WORK TO COMPLETE
Set down each line of the data exactly, but not the pictures.

DATA SHOWN
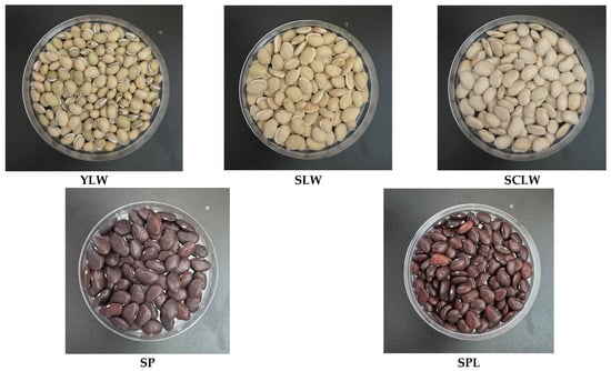 In this study, the following Chinese varieties of hyacinth bean were used: white hyacinth bean (chongming white hyacinth bean); two red hyacinth bean varieties (Jiading Zhuxuebian and Pudong red hyacinth bean) from Shanghai; white hyacinth bean from Chongxiong, Yunnan Province; and white hyacinth bean from Chengdu, Sichuan Province (Table S1, Figure 1). These hyacinth beans were collected from local planting areas using the five-point sampling method, with a total of 500 g sampled for each variety. Before the analysis, the hyacinth bean samples were freeze-dried and ground into powder. The powder was stored at −80 °C until the metabolomic analysis.
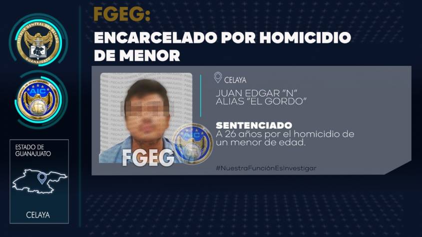 El «Gordo», un hombre de 30 años, asesinó a un menor adolescente, cuyo cuerpo fue a tirar a un canal de riego cercano a la calle Severo Castillo en la colonia Gobernadores, en Celaya. La policía encontró un cuerpo sin vida, maniatado y encobijado en un canal de riego en la colonia Gobernadores. La Fiscalía identificó el cadáver como el de un adolescente de 16 años que vivía en la colonia Valle Hermoso. Por el crimen, el responsable del brutal asesinato, fue sentenciado a 26 años de cárcel, sin beneficios de ninguna especie.La historia del homicidio que conmocionó a los celayenses tiene que ver con el adolescente apodado “El Chicles”, quien llegó en compañía de dos personas a un domicilio en la calle Colibrí en la colonia Las Aves, el pasado 28 de abril de 2020 a donde llegó el imputado, JUAN EDGAR “N”, alias “El Gordo”.Se estableció en el curso de las investigaciones, que existía una relación de compraventa de la droga conocida como “cristal” entre los presentes, además de ser un lugar de reunión para el propio consumo del enervante. Por lo anterior, hubo consumo de droga y bebidas alcohólicas hasta cerca de la madrugada, cuando el estupefaciente se terminó. Cerca de las 2:00 de la mañana, el adolescente dijo que se retiraba, y es en ese momento, que el imputado le exige pagar una deuda pendiente y entre insultos y amenazas, el adulto se abalanza contra él y lo golpea en la cabeza, golpiza a la cual se suma uno de los cómplices del “Gordo”.Al final, ató de pies y manos a su víctima y lo privó de la vida con una bolsa de plástico en la cabeza y una camisa de color negro que amarró en su cuello. Lo envolvió en una cobija color guinda y lo fue a tirar a un canal de riego cercano a la calle Severo Castillo en la colonia Gobernadores.El reporte forense confirmó que la causa de muerte fue asfixia mecánica en su movilidad de estrangulamiento.En la investigación de este homicidio, la Fiscalía General del Estado realizó un cateo en el domicilio de la colonia Las Aves, en donde encontró vestigios del asesinato, entre ellos, la cinta adhesiva tipo canela que aún presentaba manchas de sangre. Una vez que se confirmó la intervención de JUAN EDGAR “N” en el homicidio, se obtuvo una orden de aprehensión que fue cumplimentada el 8 de mayo de 2020 por el delito de homicidio en agravio del menor adolescente.En la audiencia de juicio oral desarrollada en esta fecha, “El Gordo” fue presentado en el Juzgado de Oralidad en esta ciudad y en una audiencia celebrada de manera virtual, fue sentenciado a 26 años de prisión, reparación del daño, pago de gastos funerarios, y reparación del daño moral, en favor de las víctimas indirectas.
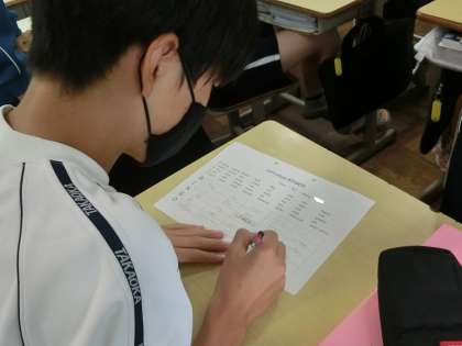 学習した英単語を活用したビンゴゲームに取り組んでいました。楽しみながら、英単語をしっかり覚えていきます。仲間とのかかわりも自然と生まれます。

ANSWER BOX
 In this study, the following Chinese varieties of hyacinth bean were used: white hyacinth bean (chongming white hyacinth bean); two red hyacinth bean varieties (Jiading Zhuxuebian and Pudong red hyacinth bean) from Shanghai; white hyacinth bean from Chongxiong, Yunnan Province; and white hyacinth bean from Chengdu, Sichuan Province (Table S1, Figure 1). These hyacinth beans were collected from local planting areas using the five-point sampling method, with a total of 500 g sampled for each variety. Before the analysis, the hyacinth bean samples were freeze-dried and ground into powder. The powder was stored at −80 °C until the metabolomic analysis.
 El «Gordo», un hombre de 30 años, asesinó a un menor adolescente, cuyo cuerpo fue a tirar a un canal de riego cercano a la calle Severo Castillo en la colonia Gobernadores, en Celaya. La policía encontró un cuerpo sin vida, maniatado y encobijado en un canal de riego en la colonia Gobernadores. La Fiscalía identificó el cadáver como el de un adolescente de 16 años que vivía en la colonia Valle Hermoso. Por el crimen, el responsable del brutal asesinato, fue sentenciado a 26 años de cárcel, sin beneficios de ninguna especie.La historia del homicidio que conmocionó a los celayenses tiene que ver con el adolescente apodado “El Chicles”, quien llegó en compañía de dos personas a un domicilio en la calle Colibrí en la colonia Las Aves, el pasado 28 de abril de 2020 a donde llegó el imputado, JUAN EDGAR “N”, alias “El Gordo”.Se estableció en el curso de las investigaciones, que existía una relación de compraventa de la droga conocida como “cristal” entre los presentes, además de ser un lugar de reunión para el propio consumo del enervante. Por lo anterior, hubo consumo de droga y bebidas alcohólicas hasta cerca de la madrugada, cuando el estupefaciente se terminó. Cerca de las 2:00 de la mañana, el adolescente dijo que se retiraba, y es en ese momento, que el imputado le exige pagar una deuda pendiente y entre insultos y amenazas, el adulto se abalanza contra él y lo golpea en la cabeza, golpiza a la cual se suma uno de los cómplices del “Gordo”.Al final, ató de pies y manos a su víctima y lo privó de la vida con una bolsa de plástico en la cabeza y una camisa de color negro que amarró en su cuello. Lo envolvió en una cobija color guinda y lo fue a tirar a un canal de riego cercano a la calle Severo Castillo en la colonia Gobernadores.El reporte forense confirmó que la causa de muerte fue asfixia mecánica en su movilidad de estrangulamiento.En la investigación de este homicidio, la Fiscalía General del Estado realizó un cateo en el domicilio de la colonia Las Aves, en donde encontró vestigios del asesinato, entre ellos, la cinta adhesiva tipo canela que aún presentaba manchas de sangre. Una vez que se confirmó la intervención de JUAN EDGAR “N” en el homicidio, se obtuvo una orden de aprehensión que fue cumplimentada el 8 de mayo de 2020 por el delito de homicidio en agravio del menor adolescente.En la audiencia de juicio oral desarrollada en esta fecha, “El Gordo” fue presentado en el Juzgado de Oralidad en esta ciudad y en una audiencia celebrada de manera virtual, fue sentenciado a 26 años de prisión, reparación del daño, pago de gastos funerarios, y reparación del daño moral, en favor de las víctimas indirectas.
 学習した英単語を活用したビンゴゲームに取り組んでいました。楽しみながら、英単語をしっかり覚えていきます。仲間とのかかわりも自然と生まれます。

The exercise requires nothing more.